Po dłuższej przerwie powracamy do cyklu mini-wywiadów “Dinozaury Branży”. Dzisiaj o byciu dinozaurem opowiada Anna Nazarczyk – manager Wydziału Obsługi Korespondencji Elektronicznej w Departamencie Sprzedaży i Obsługi w Kanałach Zdalnych. To właśnie ona jest odpowiedzialna za obsługę klientów mBanku w mediach społecznościowych.
Jak to się stało, że trafiła Pani do branży call center[1]? Czysty przypadek, czy jednak świadoma decyzja?
Był rok 2000, startował mBank – pierwszy bank internetowy z obsługą za pośrednictwem Call Center. Ja byłam świeżo upieczoną absolwentką Uniwersytetu Łódzkiego na kierunku „finanse i bankowość”. Szukałam pracy, kilku znajomych właśnie zatrudniło się w mBanku, zachęcili mnie. Nie miałam pojęcia jak wygląda praca w CC.
Jak wyglądały początki pracy? Co wspomina Pani „z łezką w oku”? Co z perspektywy czasu wydaje się teraz proste, może śmieszne?

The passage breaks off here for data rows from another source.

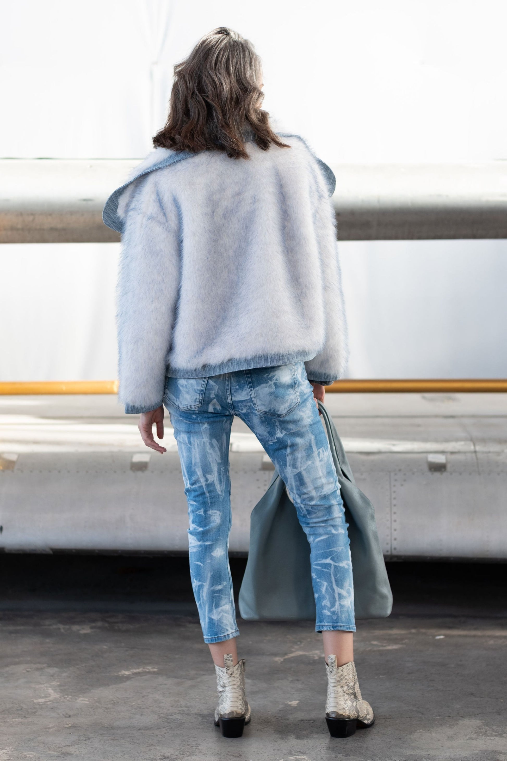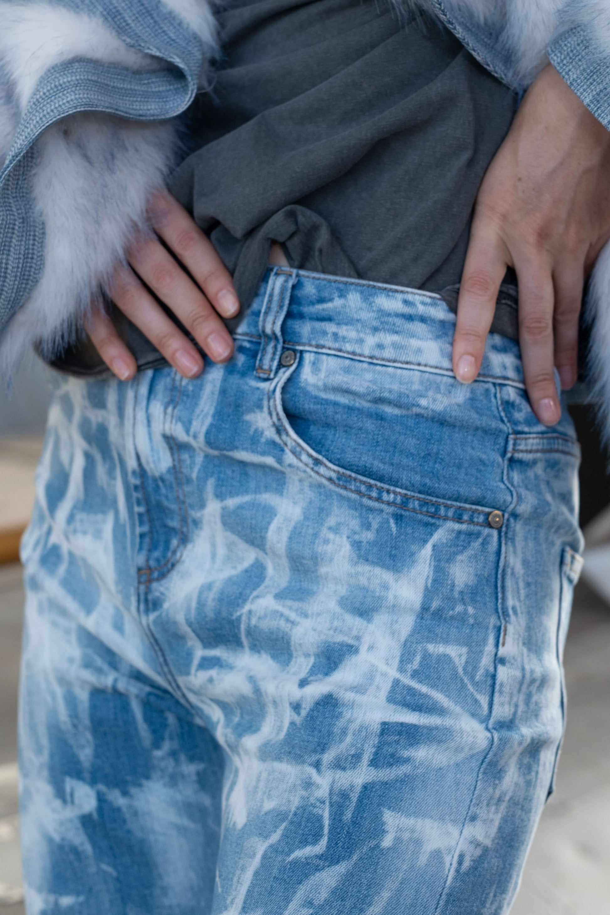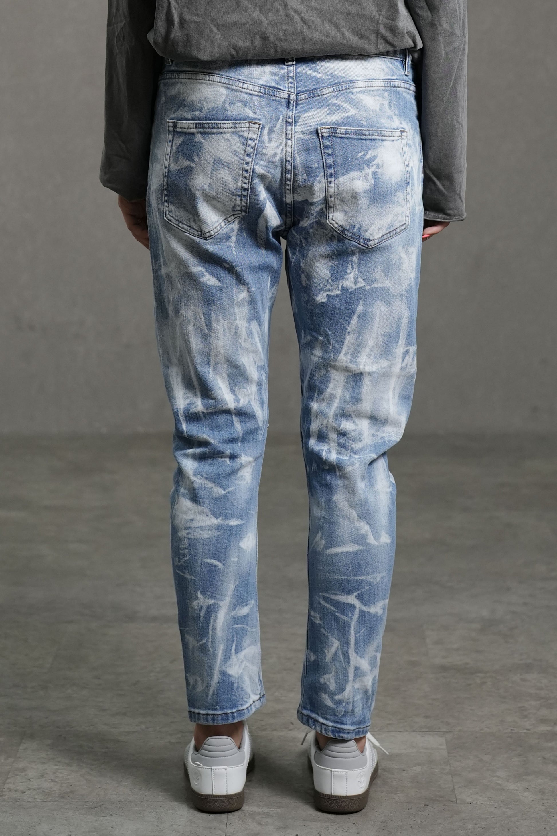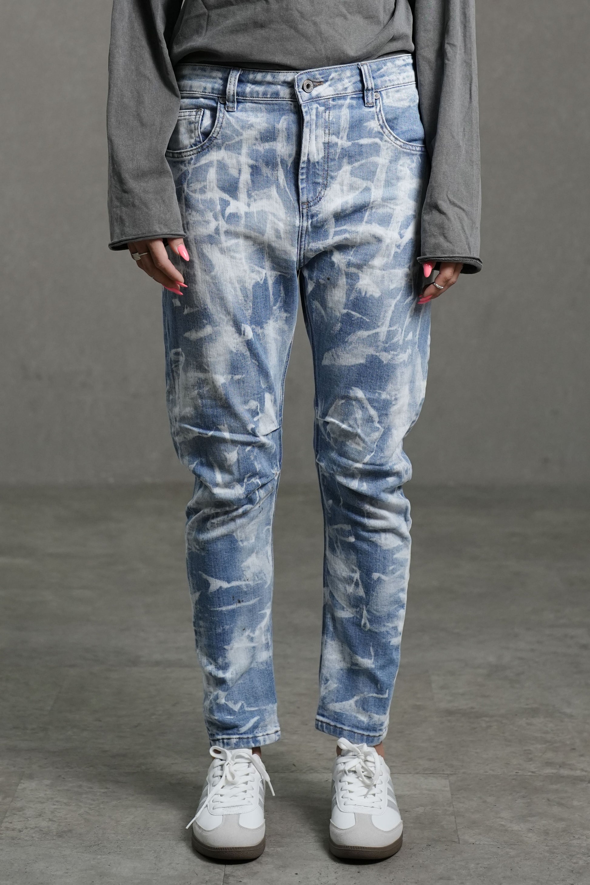 Ce jean adopte une coupe fuselée décontractée et une taille mi-haute, alliant confort et allure contemporaine. Réalisé dans un denim stretch à élasticité moyenne, il offre la juste dose de souplesse tout en gardant une belle structure. L’effet peinture blanche appliqué sur le tissu apporte une touche artistique audacieuse, transformant ce modèle en véritable pièce statement au style urbain affirmé.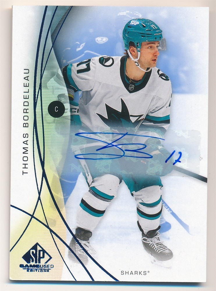 THOMAS BORDELEAU 2024-25 SP GAME USED BLUE #25 AUTO AUTOGRAPH HOCKEY MINT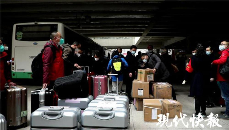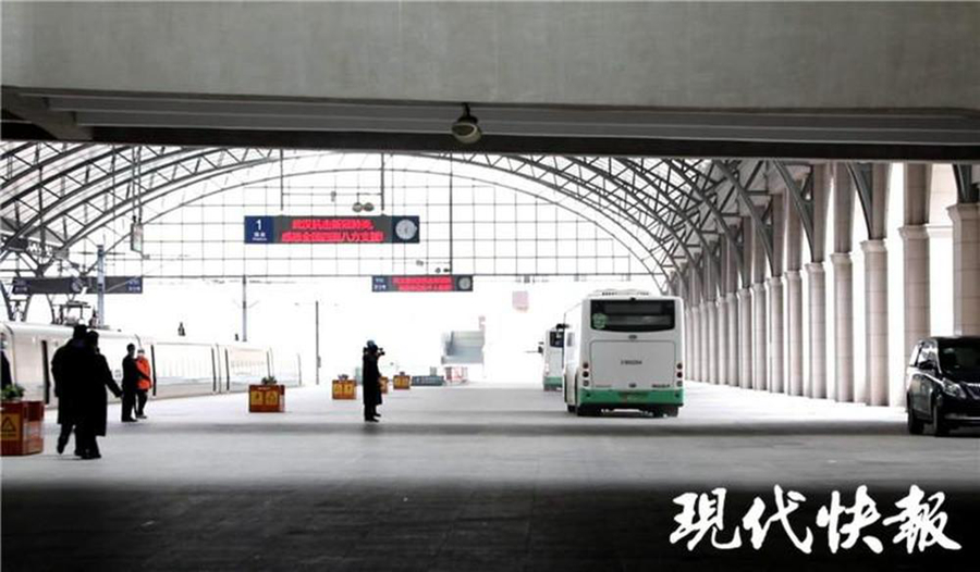 1 点 10 分,一列动车缓缓停靠在武汉汉口火车站,医疗队从车上搬下了二三十箱防护物资。
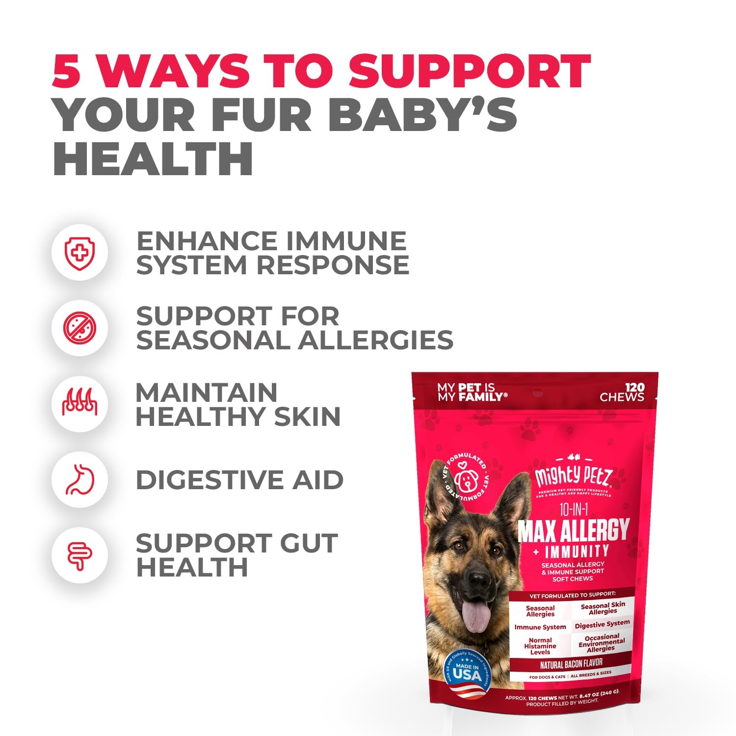 Mighty Petz MAX Dog Allergy Relief Chews - Itch Relief with Colostrum, Probiotics & Immune Support for Seasonal Allergies & Itchy Skin

Atmosfera pracy to coś co zawsze charakteryzowało pracę w CC mBanku, tak jest do dziś. Znajomości i przyjaźnie tam zawiązane trwają do dziś. Pamiętam swoją pierwszą próbę rozmowy z klientem. Nie słyszałam klienta, poprosiłam o pomoc help desk. Okazało się, że nie podłączyłam słuchawek – wtedy byłam w ogromnej panice, teraz się z tego śmieję i opowiadam początkującym konsultantom tą sytuację, kiedy mówią, że się stresują pierwszą rozmową
Co spowodowało, że pozostała Pani w branży przez tyle lat?
Ciągła możliwość rozwoju. Nigdy nie zdążyłam poczuć znużenia czy rutyny. Uczyłam się wciąż nowych rzeczy, zmieniałam stanowiska, obszary, projekty. Nawet nie wiem, kiedy minęło te 15 lat
Jak wyglądało wspinanie się po szczeblach kariery w Pani przypadku? Długo to trwało?
Dla mnie optymalnie. Moja ścieżka kariery zaczęła się od konsultanta poprzez kierownika aż do menedżera. Awanse stanowiskowe są motywujące, ale to różnorodność zadań, projektów czy tematów nawet w ramach tego samego stanowiska rzeczywiście rozwijają, doświadczają.
Co uważa Pani za swój największy sukces w pracy w call center?
W ciągu tych kilkunastu lat pracy miałam okazję dzielić się swoim doświadczeniem i rozwijać innych. Kilku konsultantów dojrzało przy moim boku i stało się dobrymi kierownikami oraz menedżerami. Oni są moim sukcesem.
Co było porażką? Jakie błędy Pani popełniła? Jakie wnioski Pani z tego wyciągnęła na przyszłość? Jak pokonała Pani wyzwania, przeszkody?
Trudno powiedzieć. To pytanie chyba pominę
Tak wielu telemarketerów szybko rezygnuje z kariery w branży contact center[2]. Co by Pani im poradziła?
Żeby byli bardziej cierpliwi i uwierzyli, że doświadczenie jakie daje im ta praca jest bezcenne. Contact Center do miejsce, które ma ogromną przyszłość, to nie tylko telefon, ale też nowoczesne kanały kontaktu klientów, możliwość obcowania z nowymi technologiami. To ogromnie możliwości rozwoju.